どんなに高く飛ぶ鳥よりも想像力の羽根は高く飛ぶ

自分の"楽しみ"を書いて、自分だけが救われるんなら、それは言葉ではないんじゃないの。言葉は人のものでもあるんだから。

主体的に幸せであるということ

 ぼくは、今まで、主体的に幸せであろうとしたことがなかったような気がしてる。なんだか、そんなことに気がついた。気がついてしまった。
 ずっと、何かに救われたいと願っていた。誰かが救ってくれるんじゃないかと、他力本願だった。自分で、自分を、幸せにしようなんて、思ってもいなかった。
 ぼくは、ぼくを、幸せにしようとしていなかった。ぼくには幸せになる資格なんてないんだと思い込んでいた。思い込まされていたのかもしれない。
 ただ、流されるままにシアワセであっただけだった。思い込みはけっこう本当にそうなるものだ、と、つとに、思う。幸せになろうとしない人のことを、人はシアワセな人だ、と思うのだろう。だから、幸せにしようとしなくてもいいんじゃないか、と思ったりするのかもしれない。あるいは自分をもそう思い込んでいる。いまは、今で、シアワセだって。

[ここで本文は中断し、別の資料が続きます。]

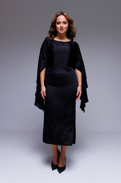 Платье, черный атлас,миди, рукава летучая мышь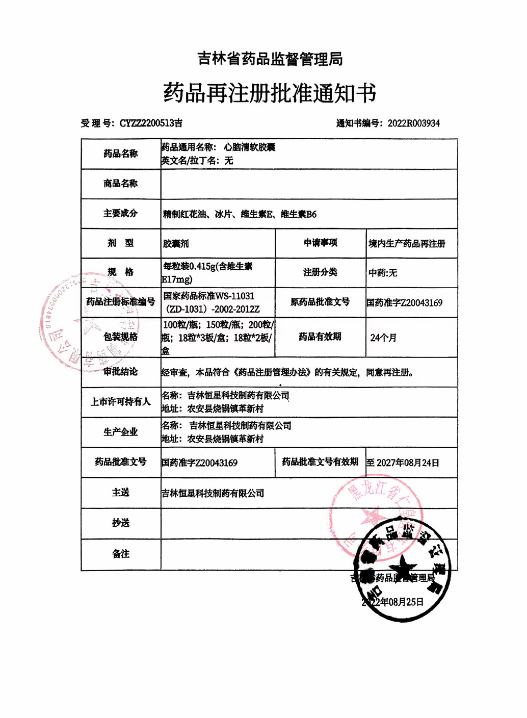心脑清软胶囊吉林恒星

 人は誰でも欠けているし、全然完璧でない。完璧に見える人の弱さみたいなものを、なんだかぼくは美しくおもったり、愛おしくおもったりする。
 幸せになろうとさえ思えないことの、その、呪いというのはいかに罪深いか。すべて大人は、オトナってのは楽しいものなんだ、と、子供らに見せつけるべきだって思う。大人って、楽しいんだぜ! っていう風に。幸せであろうと思えないことの根本は、そんなところにあったとおもったりする。
 だからといって反骨心みたいなものもなくて、でも、完璧主義で、なんだか、当たり前に幸せではないな、と自分のことをおもってしまう。

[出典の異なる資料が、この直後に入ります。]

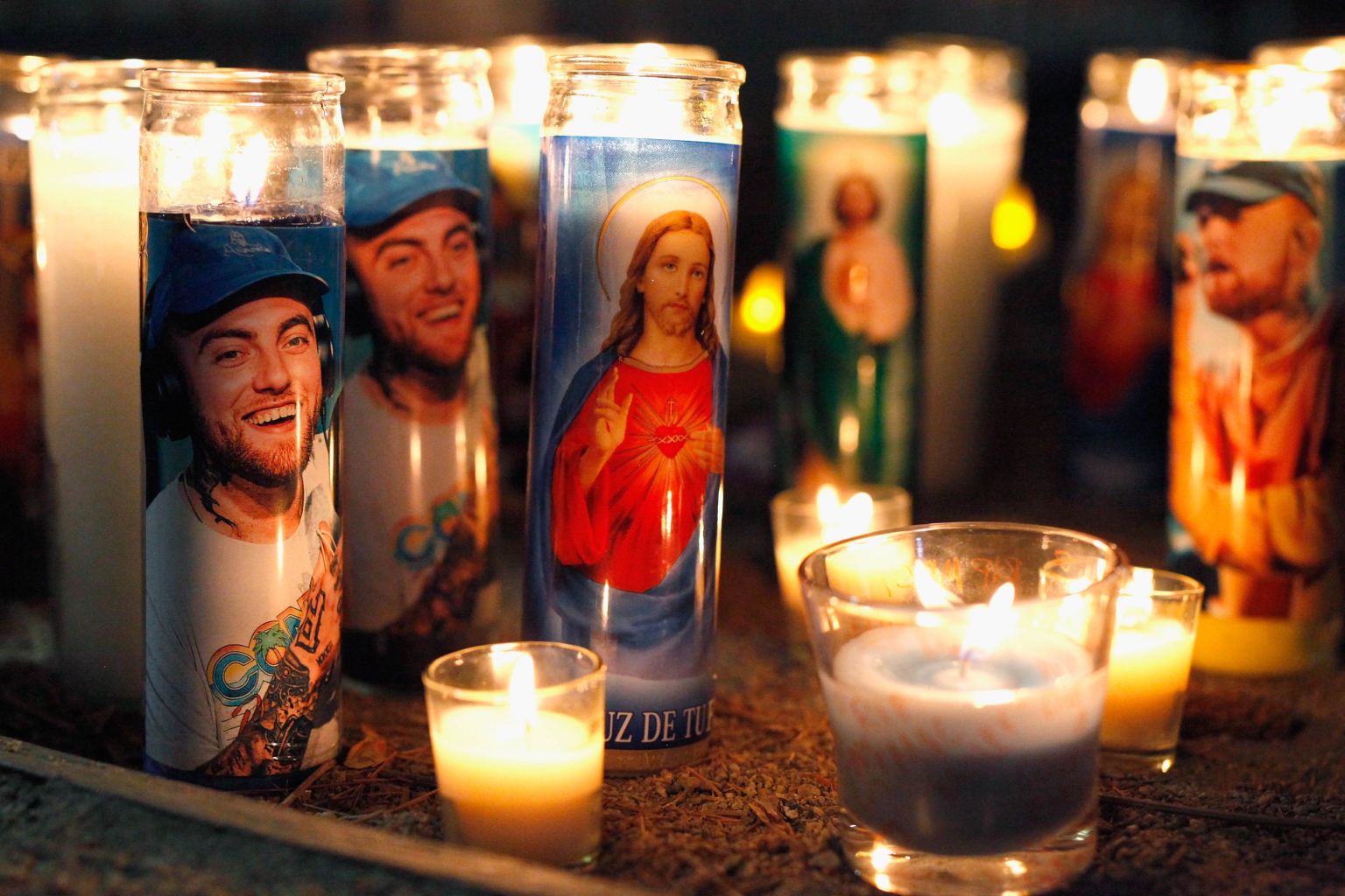 Candles form a memorial to late rapper Mac Miller in Los Angeles, California.

 いろんな価値観を通して、人は、ひとを認めたりそうでもなかったりできる。それでも、やっぱり、人はその人なりに幸せであろうとするべきだ。なるべく主体的に。積極的に。
 自分の幸せがなんなのか、なんて、たぶん、一生わからない。幸せのときに幸せとは思わないものなのかもしれない。ひょっとしたら今が十二分に幸せなのかもしれない。
 それでも。
 誰にでも、幸せになる資格があるはず。なんだか変なことを言っているのは周知しています。でも。やっぱり、ぼくは変だった。
 本を読むのも、映画を観るのも、音楽を聴くのも、全部受け身なんです。そういう類の幸せなんです。それは幸せです。そういうものを享受できさえすれば。でも、たぶん、幸せってのはそれだけではない。なにかに能動的に主体的に積極的にその資格を以って幸せになることもできるはず。自分から不幸せである必要なんてないのだ。

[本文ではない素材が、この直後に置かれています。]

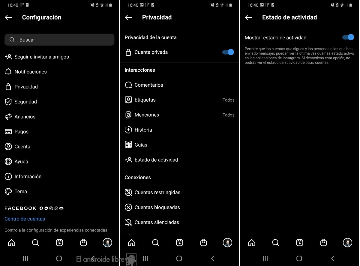 Si en algún momento cambias de idea y deseas que tu estado sea visible de nuevo, tendrás que realizar los mismos pasos que hemos mostrado, solo que ahora tendrás que activar el interruptor. De esta manera volverás a mostrar tu estado de actividad en la aplicación.

 人はいくらでも、ほんとうにいくらでも幸せになることができて。底なしで。積極的であれば、人はこの人は幸せでありたい人なのだ、とわかる。この人と一緒にいたら幸せになるのかもしれないと思う。
 厚かましくって意味ではもちろんなくて、ただ行動するってだけでもなくて、表現するってだけでもなくて。人に迷惑をかけない範囲でおこなっていくのは当たり前で。わがままになろう、ってわけでもない。そこらへんはぼくはぼくのことを心配していないけれど。
 ただ、ただ。いい感じで、ありたい。
 遠慮しすぎず、憚らず、不作法でもわがままでも甘えるってわけでもなく。
 幸せであろう、とおもうこと。それだけで、ぼくにとっては、大進歩だった。そこには資格もクソもなくて、ただ、幸せであるって状態があるってだけで。そのシアワセはまた簡単に藻屑となって消えてしまうのかもしれないけれど、それでも、そうあろうとし続けることで、幸せになったりするんだろう、と今はおもう。